Наша команда проигрывала. Гвидо трясущимися руками помог мне переодеться. Я вышел на поле.

В этот день Джузеппе превзошел себя. Я играл так, как не играл никогда в жизни. После второго гола в ворота “Броксов” зрители вскочили на ноги. Говорят, рев болельщиков был слышен за много миль от стадиона!

А я не останавливался. Я повел мяч между двух защитников “Броксов” и с угла штрафной площадки загнал третий мяч под перекладину.

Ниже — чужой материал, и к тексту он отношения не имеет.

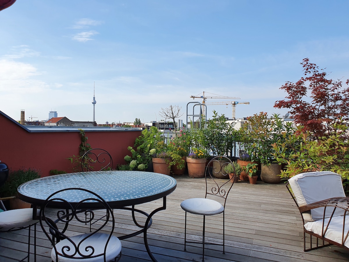 Room, rooftop terrace, Mauerpark, private bathroom
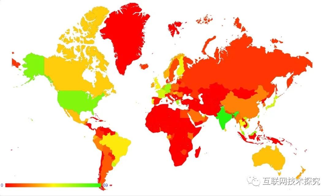 圖2 APNIC全球各國IPv6部署程度(2020年7月)
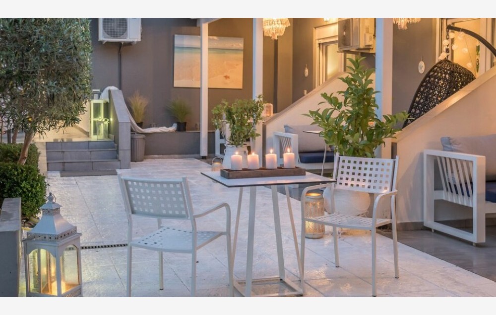 Junior Suite Garden View-Junior Suite od 35 m² ima privatnu baštu, gde su naši cenjeni gosti dobrodošli da se opuste. Uživajte u besplatnom voću i vinu po dolasku i maksimalno iskoristite svoj boravak na Halkidikiju!
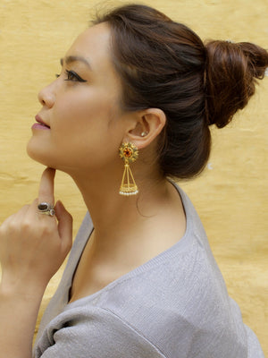 Avismaya Gold Plated Solar Synthetic Pearls Designer Earrings
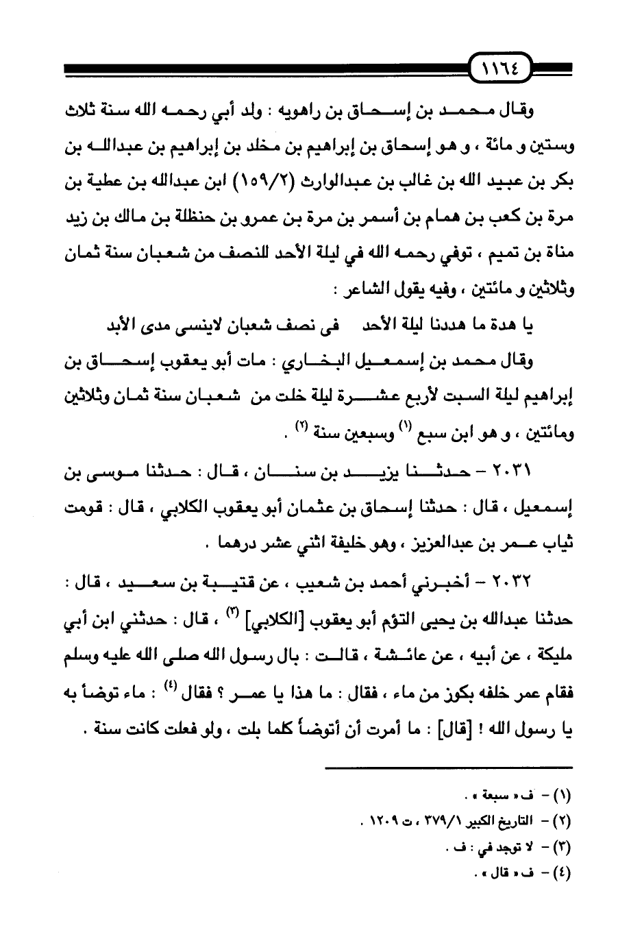 2031 - حَدَّثَنَا يَزِيدُ بْنُ سِنَانٍ، قَالَ: حَدَّثَنَا مُوسَى بْنُ إِسْمَاعِيلَ، قَالَ: حَدَّثَنَا إِسْحَاقُ بْنُ عُثْمَانَ أَبُو يَعْقُوبٍ الْكِلَابِيُّ، قَالَ: §قُوِّمَتْ ثِيَابُ عُمَرَ بْنِ عَبْدِ الْعَزِيزِ - وَهُوَ خَلِيفَةٌ - اثْنَيْ عَشَرَ دِرْهَمًا
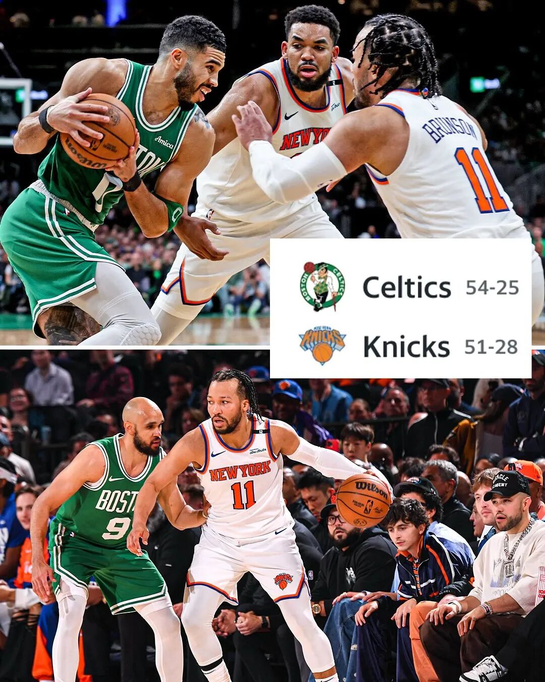 目前凯尔特人东部第二,尼克斯东部第三,这场比赛有可能就是季后赛次轮预演,有趣的是,两队在去年季后赛次轮也曾打过一次,当时塔图姆遭遇跟腱撕裂,凯尔特人最终2-4不敌尼克斯出局。
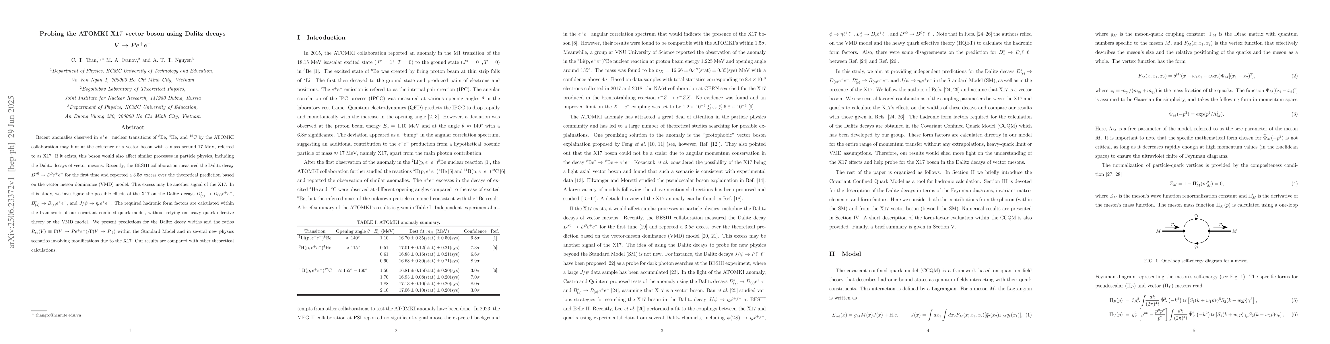 This study investigates potential effects of the hypothetical 17 MeV vector boson (X17) on Dalitz decays of various vector mesons (D*_(s), B*_(s), J/ψ) using a covariant confined quark model. Predictions for decay widths and ratios R_ee(V) are presented for both Standard Model and new physics scenarios involving X17 modifications, comparing results with other theoretical calculations.
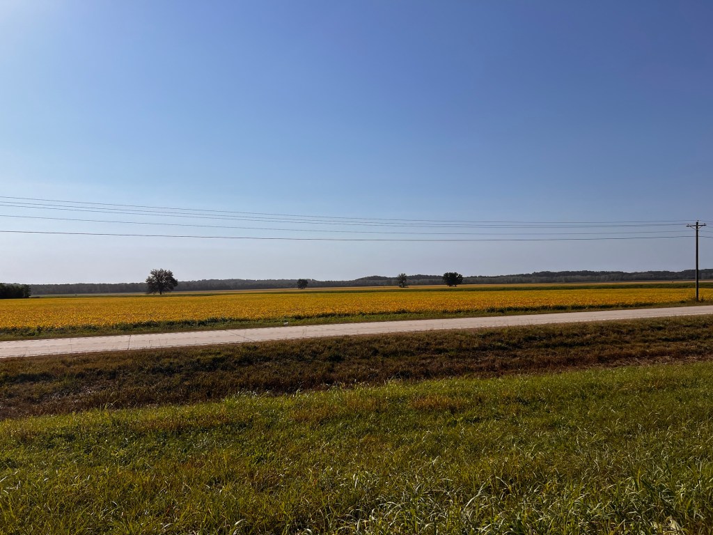 The last 15 miles ran along the bluffs for about 5 miles then opened into the farm fields for the final 10. It was warm but not as hot as yesterday and we had a slight tailwind so it was comfortable riding.
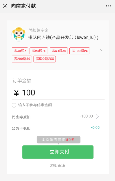 5、通过排队网轻会员功能,设置消费满返奖励,消费者付款成功后,即可收到公众号推送的满返奖励消息,不仅能满足消费者需要优惠心理,同时也为自己公众号顺势涨了一波流量。
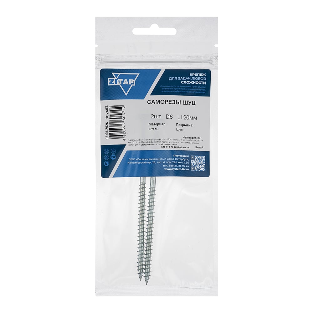 Саморез ШУц с потайной головкой 6,0x120 мм, 2 шт., пакет Zitar 102462
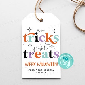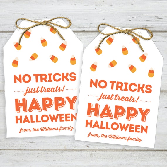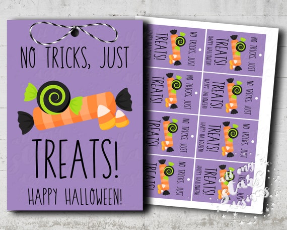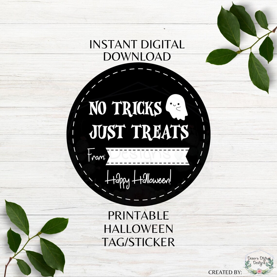Printable No Tricks Just Treats Happy Halloween Gift Tag Etsy
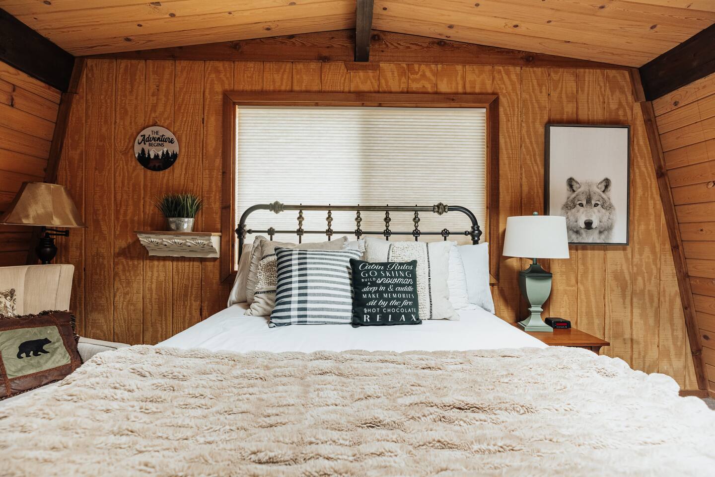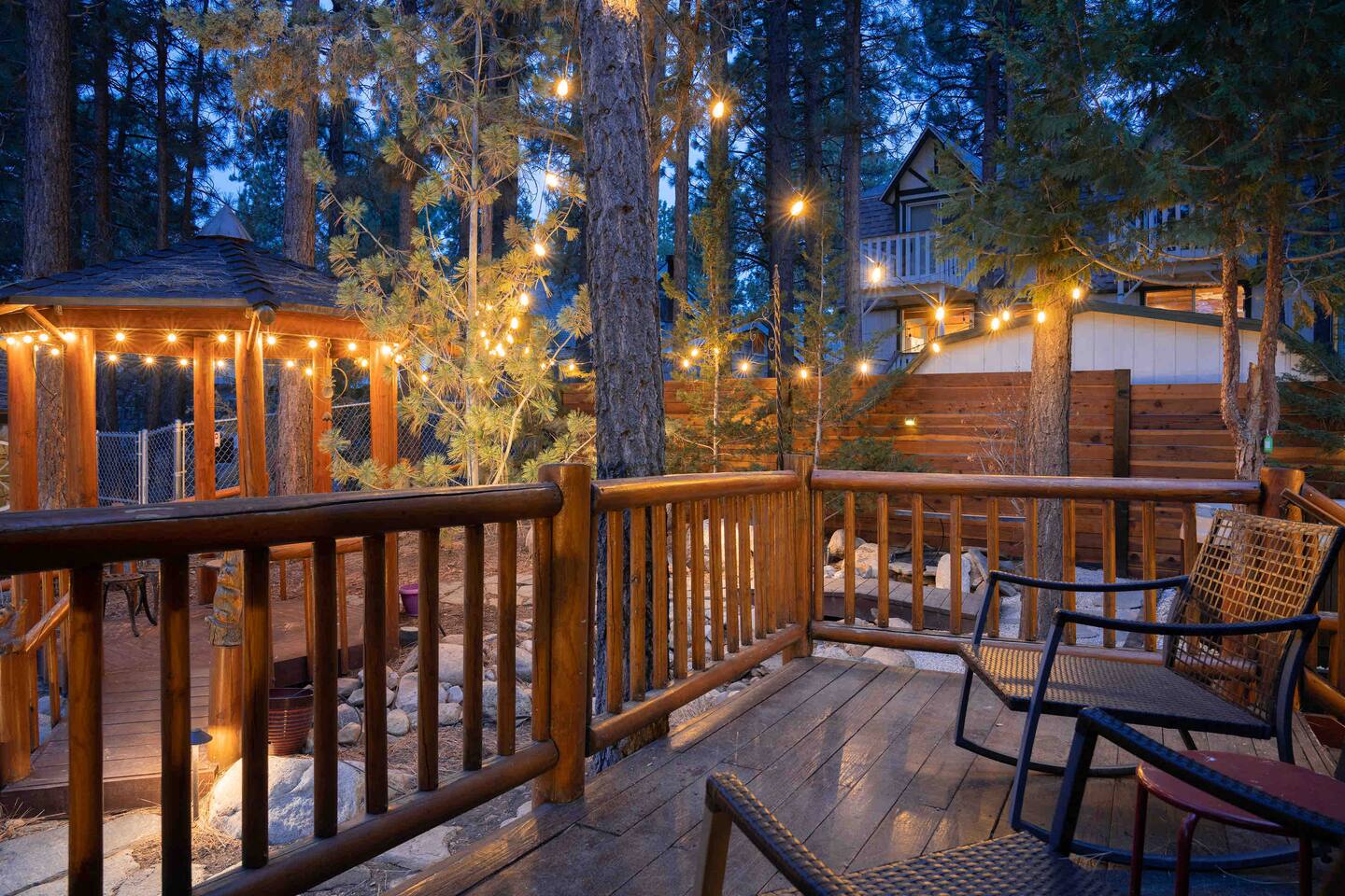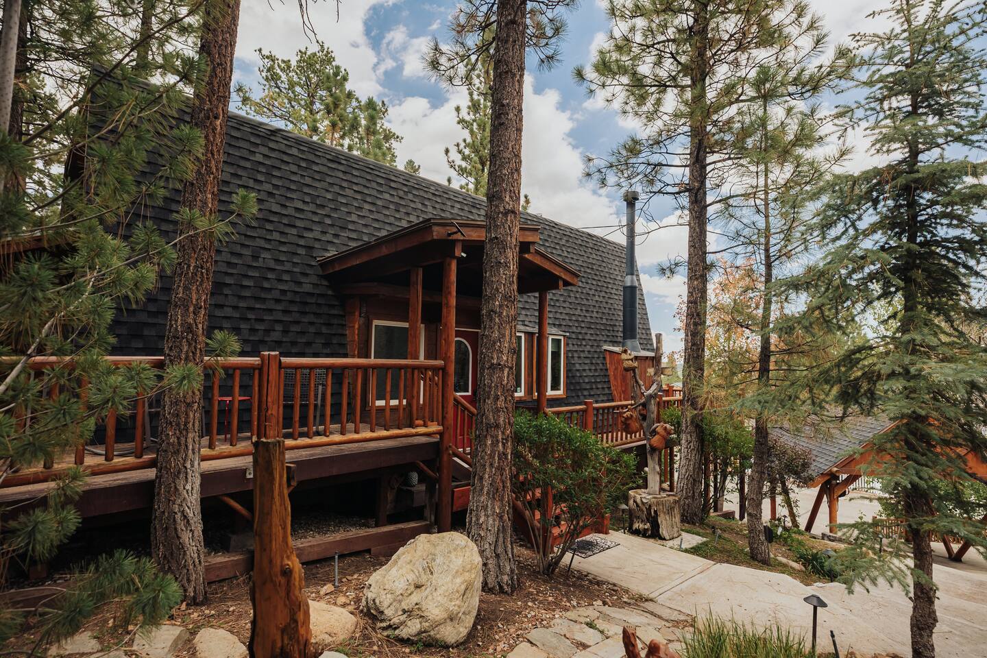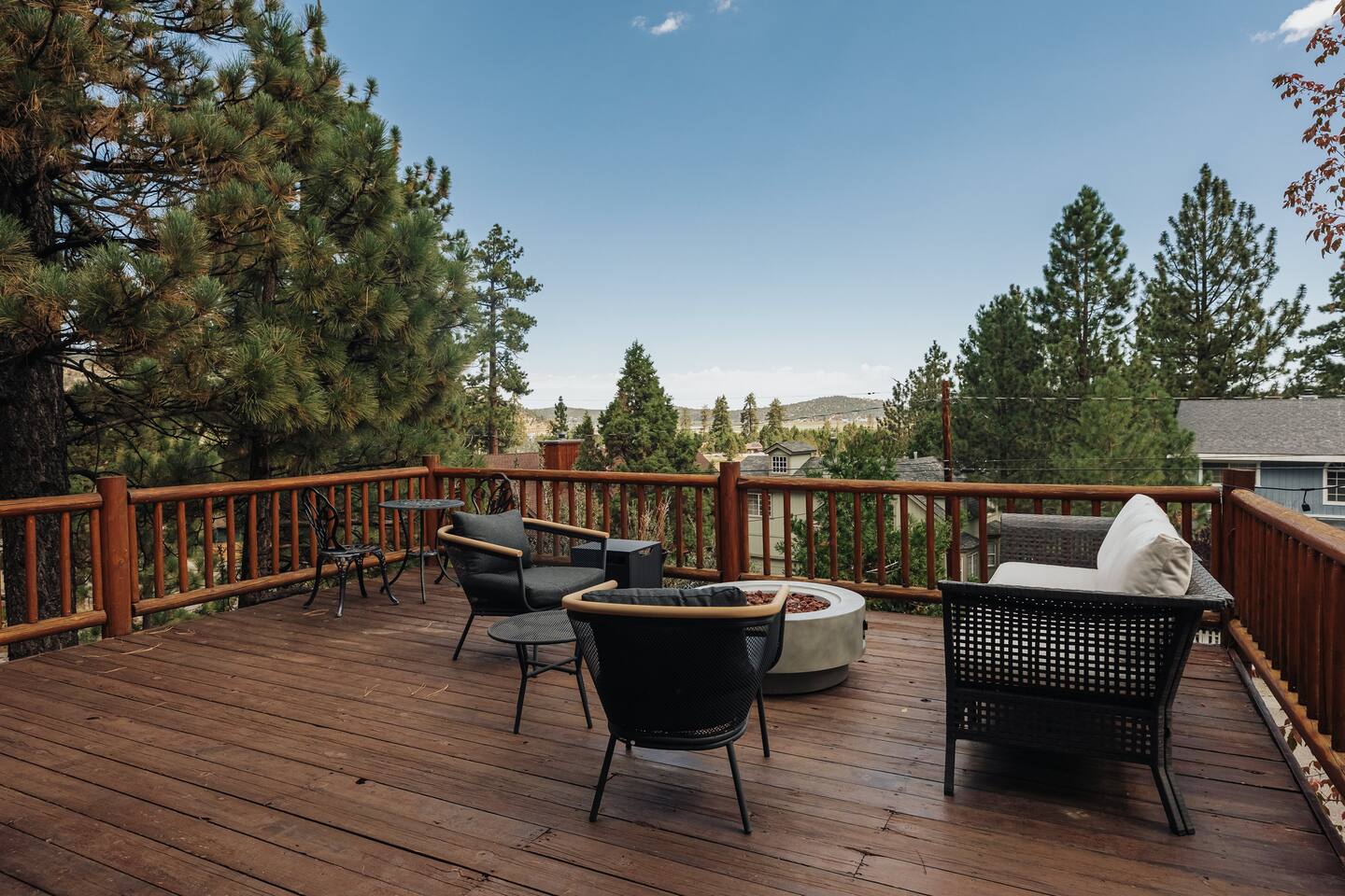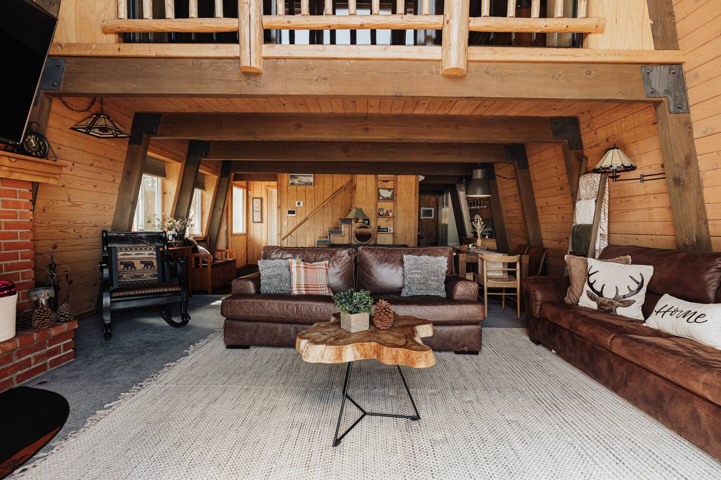 Maximum 6 person occupany only. Elk Run cabin is a stunning Gambrel which is thoughtfully designed to give a modern and rustin charm while maintaining the cozy cabin vibe. A sprawling living area with 65" flat screen smart tv, plush carpet, and wood burning fireplace. The kitchen has stainless steel appliances, a fully equipped coffee and cocoa bar, and plenty of cooking essentials. The sleeping areas include 2 bedrooms with queen sized beds, a sofa, and a pull out couch. Plenty of extra blankets and pillows. There are 2 bathrooms. One standing shower and one with a jetted tub. Brand new tankless water heater has been installed just a year ago. Rest assured, you will never run out of hot water. Fully fenced backyard and wrap around deck. You will find youself in a state of relaxation in our balcony with the most amazing lake and mountain views. Covered parking structure and massive driveway big enough to fit 2 vehicles. **Strictly no side street parking ** Central heating and portable heaters available ** No AC. We encourage you to open the windows and utilize the portable fans provided during the hot summer months Please be aware of San Bernadino's short term rental restrictions before booking. Quiet hours are from 10pm - 8 am. No outdoor bbq and loud music during quiet hours
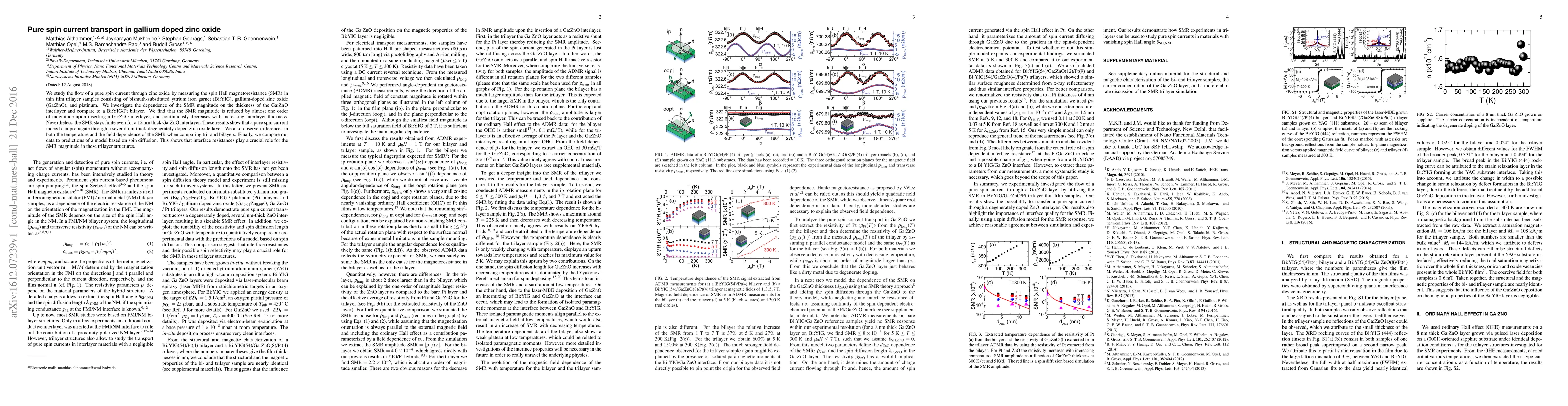 This study investigates the spin Hall magnetoresistance (SMR) in trilayer samples with a Ga:ZnO interlayer, finding that while the SMR magnitude decreases significantly with Ga:ZnO thickness, it remains finite even for a 12 nm layer, indicating pure spin current transport through doped zinc oxide. Interface resistances are identified as crucial for SMR magnitude in these structures.
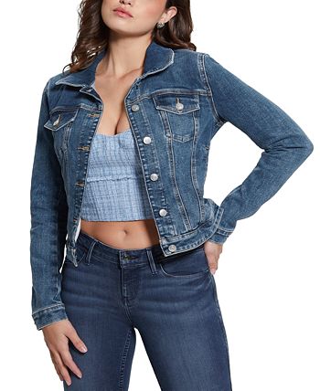 GUESS Women's Sexy Denim Trucker Jacket Blue Size Large
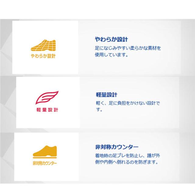 【非対称カウンター】外側よりも内側が長いカウンターを搭載することで踵が内側に倒れるのを防ぎます。
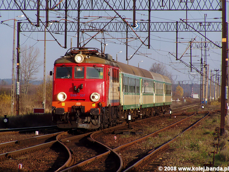 - Świdwin. EU07-337 z pociągiem osobowym "Albatros" relacji Gdynia-Szczecin za moment zatrzyma się na stacji.

И вдруг я почувствовал такую тоску… Господи, до сих пор сжимается сердце, когда я вспоминаю об этом. Я весь как-то сразу обмяк и, кажется, сразу догадался, в чем дело.

Я посмотрел на трибуны. Вокруг того места, где обычно сидели хозяин с Джузеппе, столпились люди, они загораживали от меня Джузеппе, но я знал, что, когда они разойдутся, я не увижу его больше.

Этот матч я кое-как доиграл. Мы стали чемпионами.

На следующий день газеты, захлебываясь от восторга, описывали подробности матча, расписывали подвиги Санто ди Чавеса, вырвавшего победу у “Броксов”, а в конце там была и такая фраза: “О напряженности матча свидетельствует и то, что один зритель умер прямо на трибуне от разрыва сердца, не перенеся огорчения после третьего гола в ворота “Броксов”.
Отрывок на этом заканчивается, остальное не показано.